Pierwsza partia produktu, w związku z dużym popytem na rynku, została wysłana do Agencji Rezerw Materiałowych. Potem płyn trafił również na stacje paliw koncernu, aby mógł go nabyć każdy konsument.
Orlenowski specyfik chciało zakupić mnóstwo firm, lista chętnych była liczona w tysiące. PKN Orlen sprzedając płyn do dezynfekcji firmom zaznaczał, że powinien on być przeznaczony do użytku wewnętrznego – do odkażania dla pracowników podczas pracy itd., nie do handlu. Jego cenę detaliczną skalkulowano na 95 zł za opakowanie 5-litrowe. Według spółki to znacznie poniżej średniej ceny rynkowej.
W związku z doniesieniami dot. pojawienia się płynu do dezynfekcji rąk @PKN_ORLEN w sprzedaży w sieciach handlowych, informujemy, że sprzedajemy nasz płyn sklepom wielkopowierzchniowym z wyraźnym zastrzeżeniem, że może być on wykorzystywany jedynie ma potrzeby własne sklepu (1/2)
— Joanna Zakrzewska (@RzecznikORLEN) March 31, 2020
Okazuje się jednak, że niektóre podmioty postanowiły na tym zarobić. W sieci pojawiły się zdjęcia, na których widać orlenowski płyn do dezynfekcji w astronomicznych cenach.
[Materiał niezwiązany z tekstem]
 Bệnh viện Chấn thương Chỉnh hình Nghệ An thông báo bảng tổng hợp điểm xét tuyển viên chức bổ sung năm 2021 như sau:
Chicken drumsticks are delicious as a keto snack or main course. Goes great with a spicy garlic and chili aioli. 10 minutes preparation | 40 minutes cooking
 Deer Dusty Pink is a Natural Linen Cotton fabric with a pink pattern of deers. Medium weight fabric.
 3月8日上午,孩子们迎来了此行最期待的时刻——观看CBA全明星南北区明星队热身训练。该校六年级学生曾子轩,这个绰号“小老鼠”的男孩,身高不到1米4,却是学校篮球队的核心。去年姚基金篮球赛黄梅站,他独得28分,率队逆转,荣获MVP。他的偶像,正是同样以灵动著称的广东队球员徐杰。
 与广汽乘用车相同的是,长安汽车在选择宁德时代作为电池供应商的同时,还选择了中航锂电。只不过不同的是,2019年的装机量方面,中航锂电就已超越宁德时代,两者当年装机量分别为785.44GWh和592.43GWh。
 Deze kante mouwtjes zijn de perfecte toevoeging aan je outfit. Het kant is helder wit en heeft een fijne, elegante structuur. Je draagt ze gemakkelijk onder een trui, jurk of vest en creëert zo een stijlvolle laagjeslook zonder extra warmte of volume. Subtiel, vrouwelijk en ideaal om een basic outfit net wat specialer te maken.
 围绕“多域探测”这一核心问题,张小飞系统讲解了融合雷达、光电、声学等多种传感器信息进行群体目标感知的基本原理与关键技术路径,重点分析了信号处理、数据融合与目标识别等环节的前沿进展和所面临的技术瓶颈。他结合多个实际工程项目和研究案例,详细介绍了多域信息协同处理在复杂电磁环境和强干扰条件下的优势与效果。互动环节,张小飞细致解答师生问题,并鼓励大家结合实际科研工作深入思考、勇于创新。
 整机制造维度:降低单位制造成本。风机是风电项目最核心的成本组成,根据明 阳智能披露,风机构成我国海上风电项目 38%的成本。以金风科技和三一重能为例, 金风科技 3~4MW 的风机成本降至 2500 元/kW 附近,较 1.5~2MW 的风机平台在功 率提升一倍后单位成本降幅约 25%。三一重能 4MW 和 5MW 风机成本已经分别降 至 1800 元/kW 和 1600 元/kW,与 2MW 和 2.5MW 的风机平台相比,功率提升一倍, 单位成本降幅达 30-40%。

Pięciolitrowy pojemnik wystawiono do sprzedaży w cenie od prawie 140 do 150 zł za jeden pojemnik. Handlowcy francuskiej sieci supermarketów postanowili więc nieźle zarobić na konsumentach i na Orlenie, który produkuje specyfik z minimalną marżą.
Zaginiono płyn od @PKN_ORLEN !!!#panstwozdykty pic.twitter.com/ImAOuUydV7
— Łukasz (@Lukasz_Pa) March 31, 2020
Rzeczniczka PKN Orlen Joanna Zakrzewska odniosła się na Twitterze do skandalicznych praktyk francuskiej sieci.
Każdy przypadek sprzedaży płynu @PKN_ORLEN w sieciach wielkopowierzchniowych jest naruszeniem zapisów umowy i na każdy z nich będziemy reagować. Płyny były przeznaczone wyłącznie do zapewnienia bezpieczeństwa działania sklepów, ich klientów oraz pracowników (2/2)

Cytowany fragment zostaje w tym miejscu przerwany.